Dataset items -
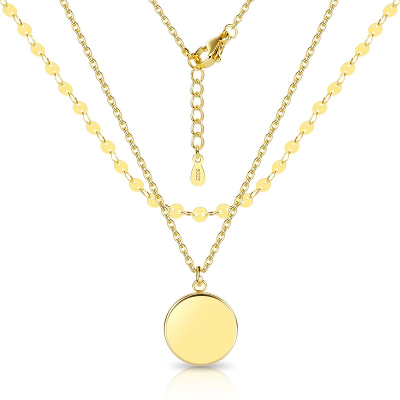 - Necklace size: pendant necklace O-shaped chain length 40 cm / 16 inches + disc chain length 38 cm / 15 inches + 5 cm / 2 inches extension chain tail row engraved 925, with strong lobster clasp, disc pendant 14.5 mm x thickness 2 mm. Easy to carry to prevent falling off. This adjustable double layer necklace can meet the needs of a variety of people.
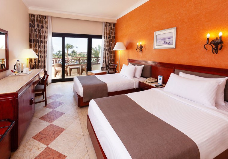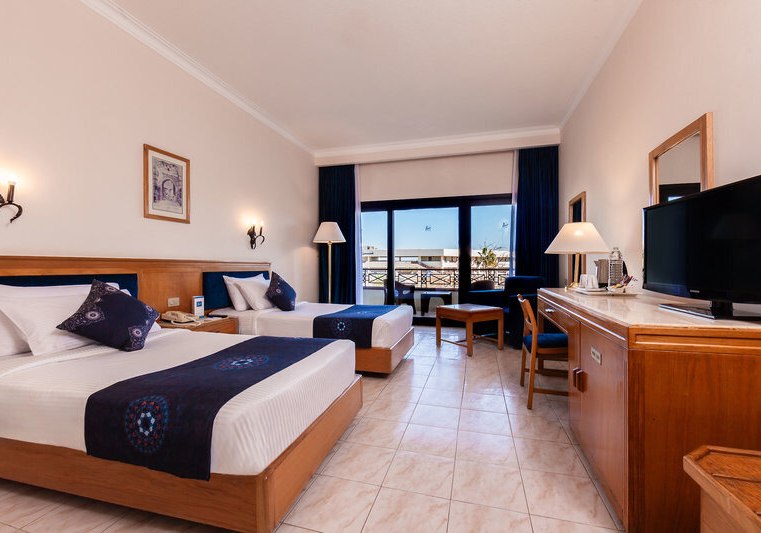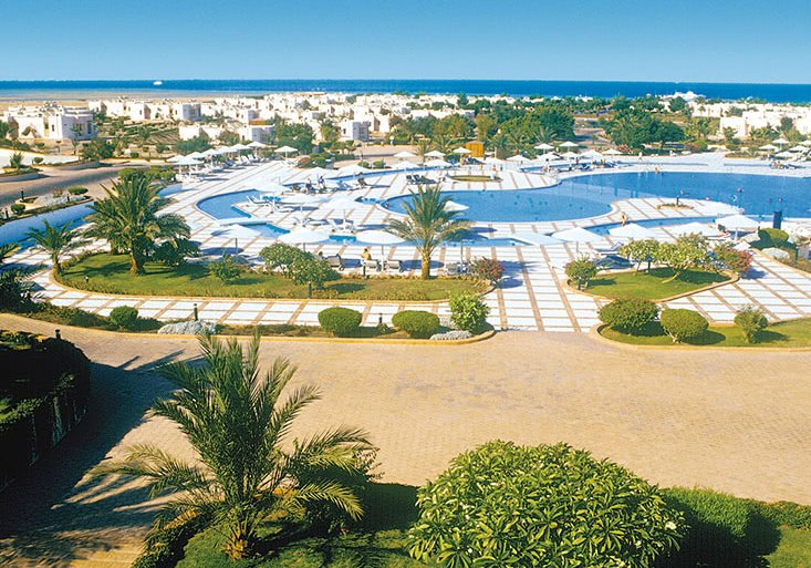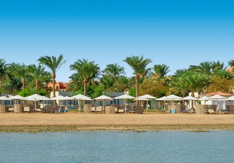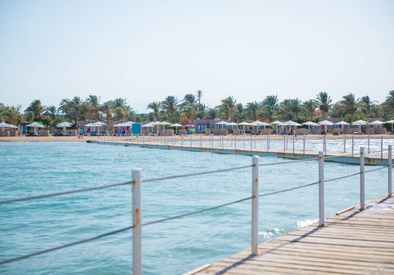 Ihr wohnt an der South Sahl Hasheesh Road direkt am Sandstrand von Hurghada. Das Hausriff liegt unmittelbar vor dem Resort, ein Steg führt bequem über das Riff in tieferes Wasser. Der Transfer ist kurz: etwa 12 Kilometer zum Flughafen, rund 18 Kilometer ins Zentrum von Hurghada. Die Lage kombiniert Badekomfort und gute Erreichbarkeit, ideal für Tage am Meer mit klarer Orientierung zwischen Strand, Riff und den weitläufigen Flächen der Anlage.
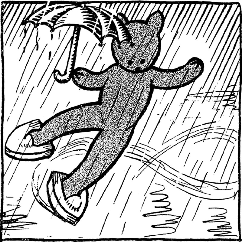 #vintage illustration #rainy day #umbrella #bear #teddy bear #water skiing
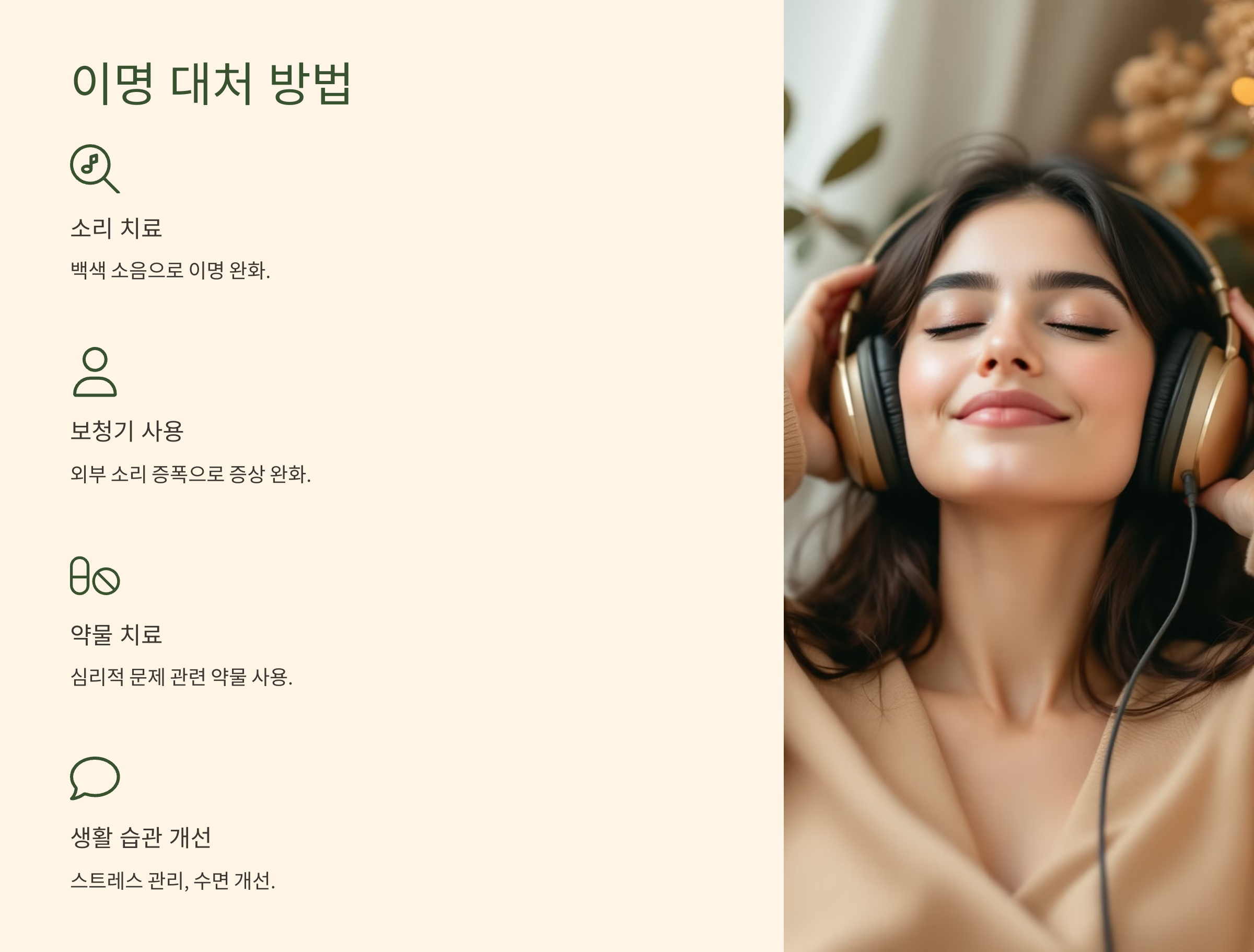 - 소리 치료: 백색 소음 기기나 음악을 이용해 이명 소리를 덜 느끼게 할 수 있습니다.
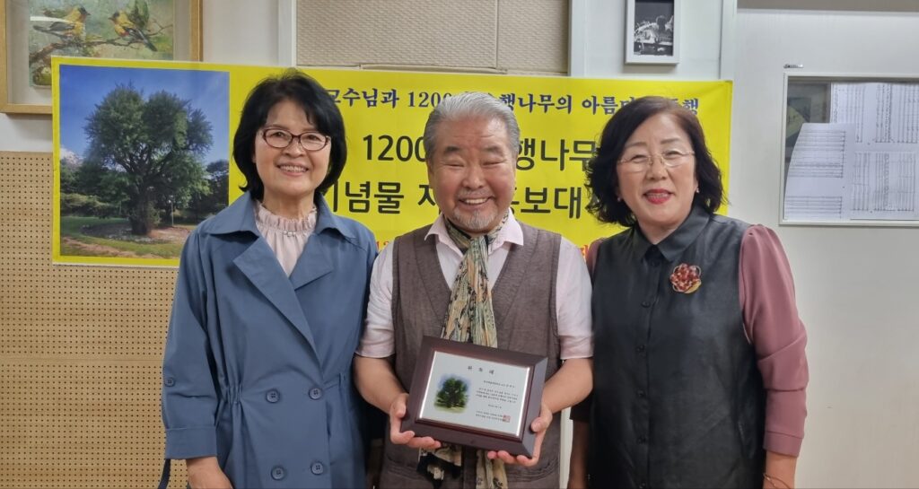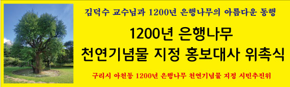 구리시 아천동 1200년 은행나무 천연기념물 지정 추진위(상임대표 박홍기, 허득천)의 이 시민운동에 오랫동안 관심을 보여 온 홍보대사를 맡아준 저명인사를 방문했다.
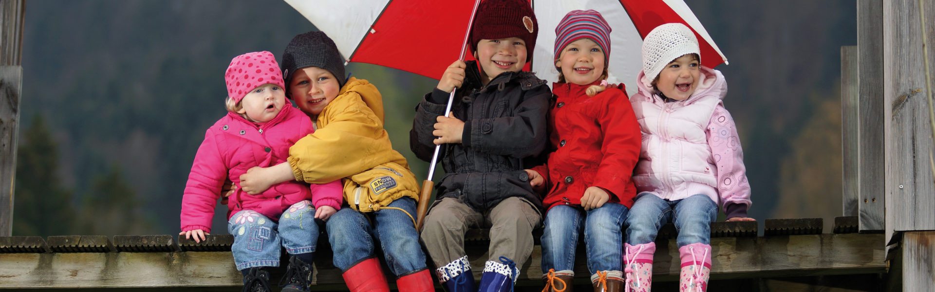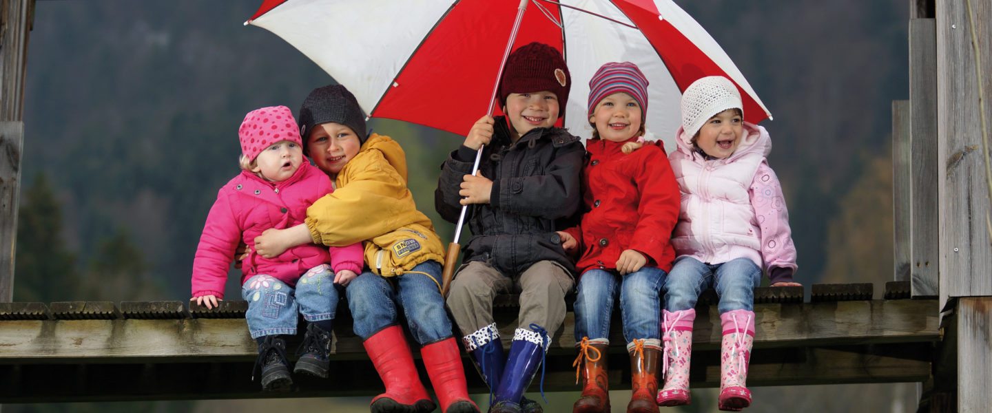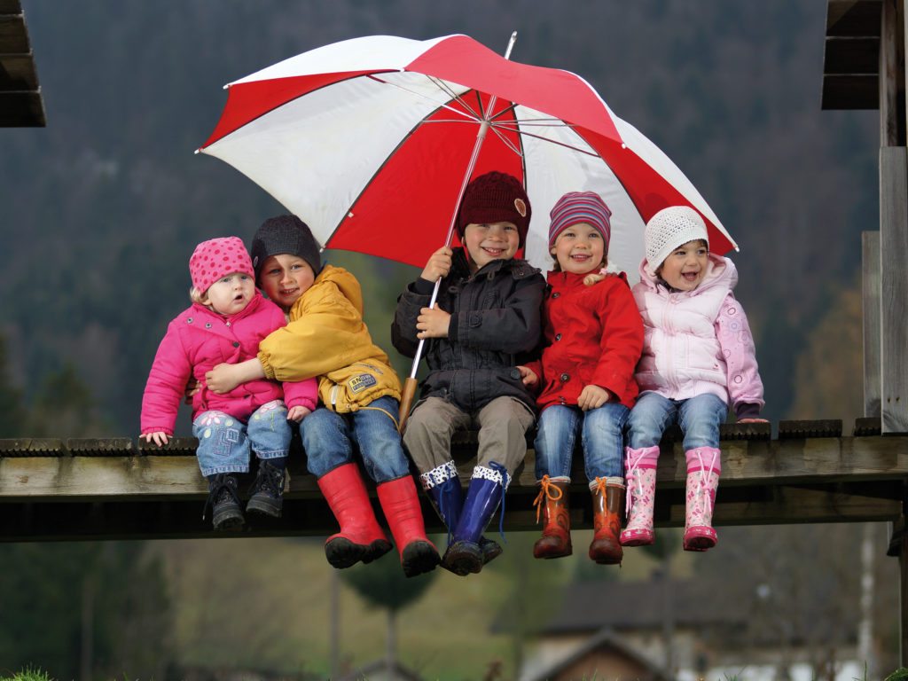 C Aprilwetter, Kinder mit Regenschirm © Ludwig Berchtold/Vorarlberg Tourismus
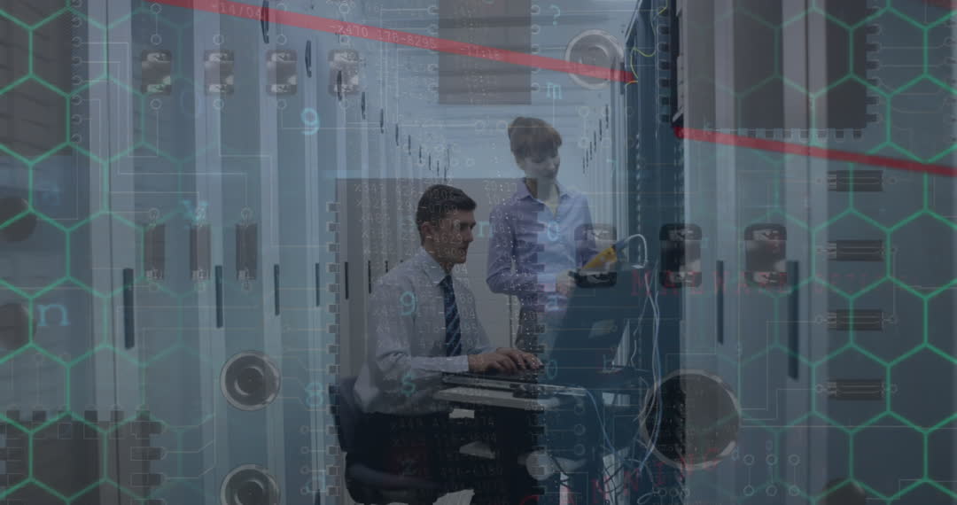 Caucasian male and female engineers collaborating in modern server room overlapped with digital technical representations of microprocessor connections, illustrating themes of data management and innovation. Useful for highlighting technology professions, server maintenance, cybersecurity, cloud storage, or digital business solutions visuals.
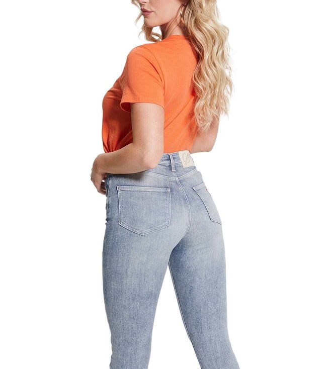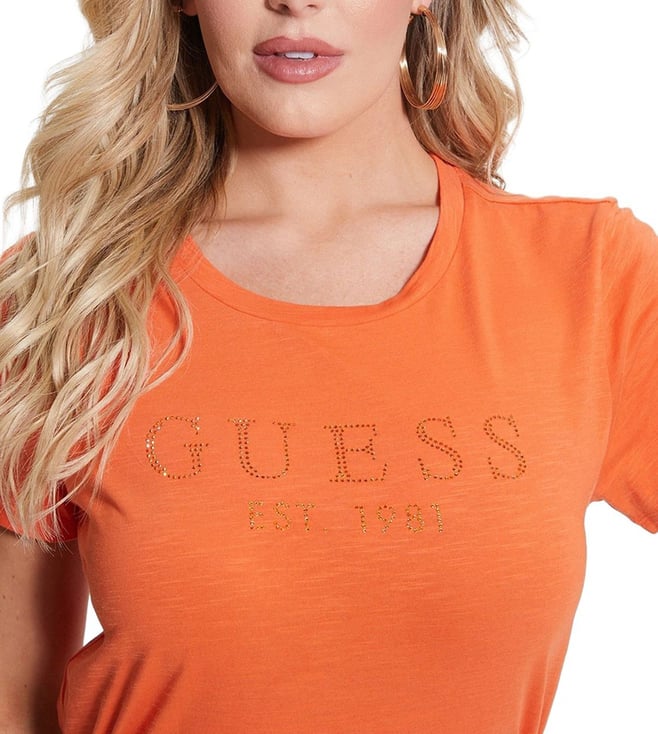 GUESS Women's Orange Cotton Printed Regular Fit Half Sleeves T-Shirt
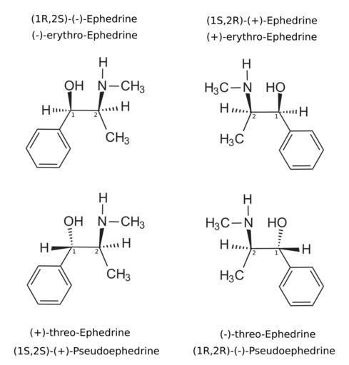 MAKE A MEME View Large Image (pseudo)ephedrine enantiomers.svg en The two pairs of enantiomers of ephedrine Top ephedrine<br> Bottom pseudoephedrine<br> IUPAC Name 2- methylamino -1-phenylpropan-1-ol The stereocenters are numbered own Wickey-nl 2009-12-15 Ephedrine ...
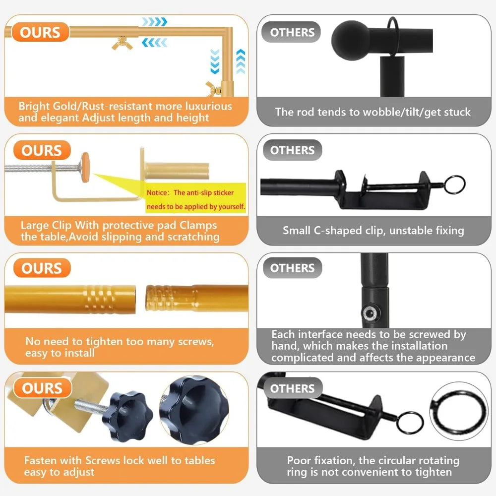 - Easy to assemble: No need to screw too many screws, just rotate the tubes to connect. Clamp the table rod to the table and adjust the appropriate length and height as needed.
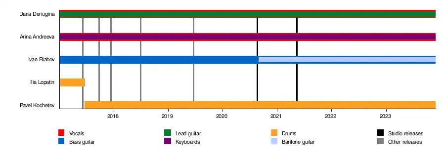 Right after debut live performance, Ilia Lopatin quit the band and emigrated to Poland, being immediately replaced with Pavel Kochetov, a drummer from Voronezh. Together with Pavel, the band signed to the independent recording label Peter Explorer and released another two extended records, Kassa Svobody (Russian: Касса свободы, lit. 'POS of Freedom') and 90210[3][4] until the end of 2017.
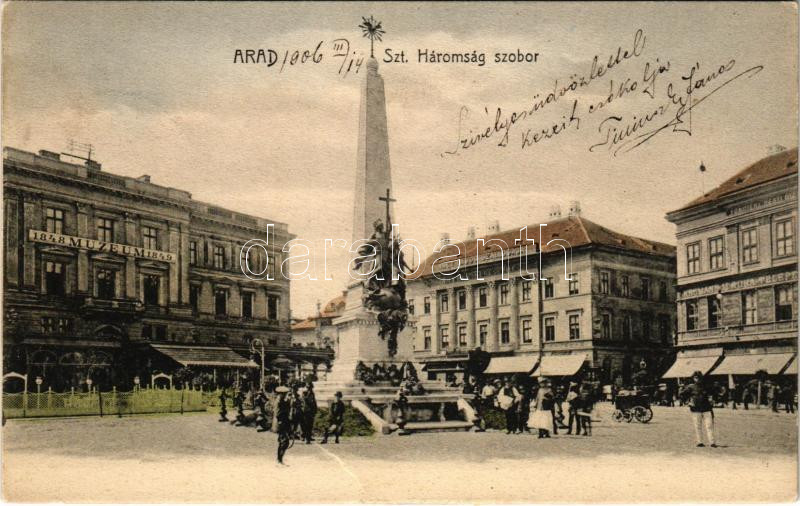 1906 Arad, Andrássy tér, Szentháromság szobor, 1848-1849 Múzeum, Nagy Lajos szállodája a Fehér kereszthez, kávéház, Fonciere biztosító társaság. Kerpel Izsó kiadása / square, Holy Trinity statue, hotel and café, museum, insurance company (szakadás / tear)
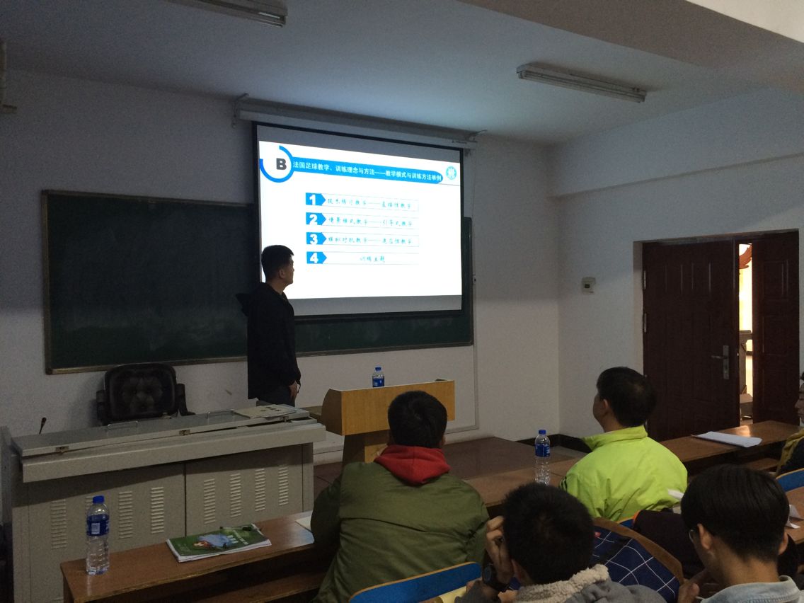 3月16日,开云online(中国)足球教研室组织教学研讨活动,彭晋涛老师作为我国首批赴法留学的校园足球教练员,在此次活动中向在座师生介绍了赴法留学的项目背景,总结讲解了法国足球教学和训练理念,以及在法留学期间的一些见闻体会,参与活动的师生一同讨论了中法足球运动认识上的本质差异,并通过具体案例讨论比较了中法足球教学方法和训练理念,通过此次教学研讨活动,使大家了解了我国在足球运动领域中与法国存在的不同,更清楚的认识到了我国与世界足球先进水平所存在的差距,共同为我国校园足球活动的健康长远发展献计献策!

Work instructions -
Locate the line containing "MAKE A MEME" in the records above, then output it and every line after it through the last, excluding pictures.

Reply to the task -
 MAKE A MEME View Large Image (pseudo)ephedrine enantiomers.svg en The two pairs of enantiomers of ephedrine Top ephedrine<br> Bottom pseudoephedrine<br> IUPAC Name 2- methylamino -1-phenylpropan-1-ol The stereocenters are numbered own Wickey-nl 2009-12-15 Ephedrine ...
 - Easy to assemble: No need to screw too many screws, just rotate the tubes to connect. Clamp the table rod to the table and adjust the appropriate length and height as needed.
 Right after debut live performance, Ilia Lopatin quit the band and emigrated to Poland, being immediately replaced with Pavel Kochetov, a drummer from Voronezh. Together with Pavel, the band signed to the independent recording label Peter Explorer and released another two extended records, Kassa Svobody (Russian: Касса свободы, lit. 'POS of Freedom') and 90210[3][4] until the end of 2017.
 1906 Arad, Andrássy tér, Szentháromság szobor, 1848-1849 Múzeum, Nagy Lajos szállodája a Fehér kereszthez, kávéház, Fonciere biztosító társaság. Kerpel Izsó kiadása / square, Holy Trinity statue, hotel and café, museum, insurance company (szakadás / tear)
 3月16日,开云online(中国)足球教研室组织教学研讨活动,彭晋涛老师作为我国首批赴法留学的校园足球教练员,在此次活动中向在座师生介绍了赴法留学的项目背景,总结讲解了法国足球教学和训练理念,以及在法留学期间的一些见闻体会,参与活动的师生一同讨论了中法足球运动认识上的本质差异,并通过具体案例讨论比较了中法足球教学方法和训练理念,通过此次教学研讨活动,使大家了解了我国在足球运动领域中与法国存在的不同,更清楚的认识到了我国与世界足球先进水平所存在的差距,共同为我国校园足球活动的健康长远发展献计献策!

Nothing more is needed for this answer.